Heartland Session Sneak Peek: Procurement, Inventory Management & Cash Flow

Published in Member Communities on July 07, 2021

I hope you’re excited to attend VGM’s 20th Anniversary Heartland Conference. I’m particularly looking forward to moderating a panel of experts during the session: Procurement, Inventory Management & Cash Flow.

One of the questions I often get is about cash accounting and staying cash flow positive. Here’s a quick run through on the topic with three takeaways, but be sure to join me, and our panelists Jason Plogher, Director of Supply Chain, DASCO Home Medical Equipment and Tim VanAntwerp, Owner, Van's Medical Equipment, at Heartland for more and to get your pressing questions answered.   

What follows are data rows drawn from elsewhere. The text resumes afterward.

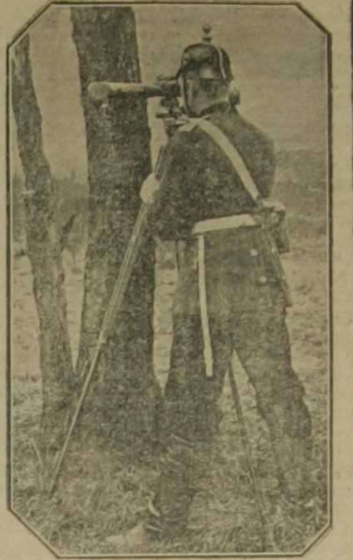
Oficial alemán haciendo observaciones con unos gemelos articulados, cubierto por un árbol

de hijos y de recursos. Su dominadora era la nación más poderosa de la tierra. Siglos de guerra habían abierto entre los dos pueblos abismos insondables. La previsión humana había fallado sobre el término de la secular contienda. Y como juzgaba con la mirada puesta en el poder de la fuerza material, despreciando la fuerza de la justicia y la fuerza de la abnegación de un pueblo decidido a ir hasta el fin por el camino del Calvario, se equivocó una vez más el cálculo humano. Olvidaba el poder angusto del patriotismo, vivificado por el espíritu de inmolección y olvidaba que tras las sangrientas crestas del Calvario brillan para los que padecieron por la justicia las alturas del Olivete glorioso.
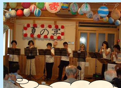
オカリナの 音色にウツリ...
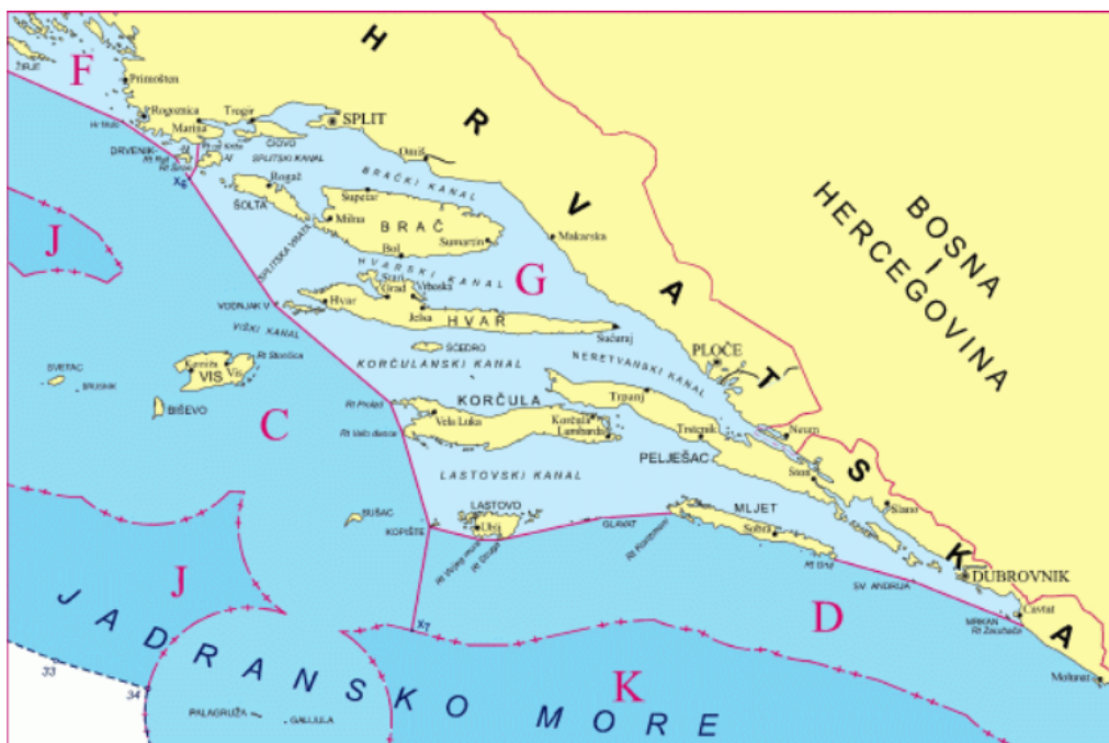
Slika 2 Ribolovne zone FLAG područja

Cash Accounting and Cash Flow

Cash accounting recognizes sales and expenses when revenue is actually transacted. The accrual method applies sales at the time of order and expenses on invoice date. In either case, your CPA will want you to be consistent in your methodology. 

DMEs, in general, struggle with cash flow. Tight margins, audits, protracted payments, and limited vendor terms contribute to the cash flow challenge. These areas all intersect and determine the health of a company. 

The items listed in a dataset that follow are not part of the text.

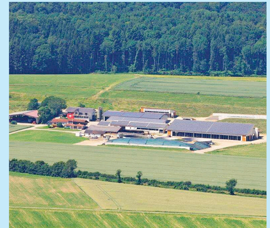
Das Hofgelände der Familie Schwab in Lauchringen. In zwei Jahren wurden ein Milchviehstall für 200 Kühe, ein Kälberstall und ein Abkalbestall neu errichtet.

Licht zur Verfügung stehen. Im Laufstall können die Kühe selbst wählen, wann sie fressen, liegen oder eine Runde im Stall drehen möchten. Dadurch werden die Tiere möglichst wenig in ihrem artspezifischen Verhalten eingeschränkt.
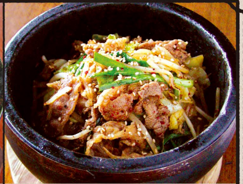
プルコギ石焼ご飯 Baked Rice with Vegetable & Beef BBQ
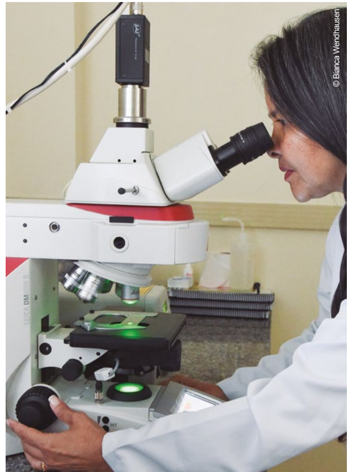
Laboratório de Dosimetria Biológica
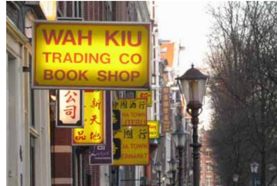
Mondialisering in Amsterdam

Kortom: het nationalisme van laaggeschoolden (hier: hun weerstand tegen migranten, vrijhandel en Europese eenwording)
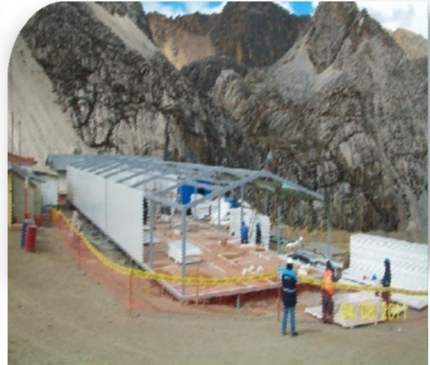
Montaje de los paneles termo-acústicos laterales para el campamento.
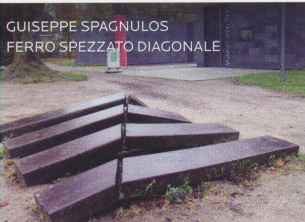
GIUSEPPE SPAGNULOS FERRO SPEZZATO DIAGONALE

Put simply, businesses want to get paid more – sooner; and pay vendors less – later. 

Multiple Payer Sources 

When it comes to Medicare, Medicaid and private insurers, the only thing a DME can do is make sure their claims are accurate and complete upon the first submission. With few exceptions, the fee schedule is set in stone. It is advisable to have multiple payer sources – Medicare, private insurances, retail, VA, SNS/LTC, hospices, and others so that no single payer can have a terminal impact upon your business. 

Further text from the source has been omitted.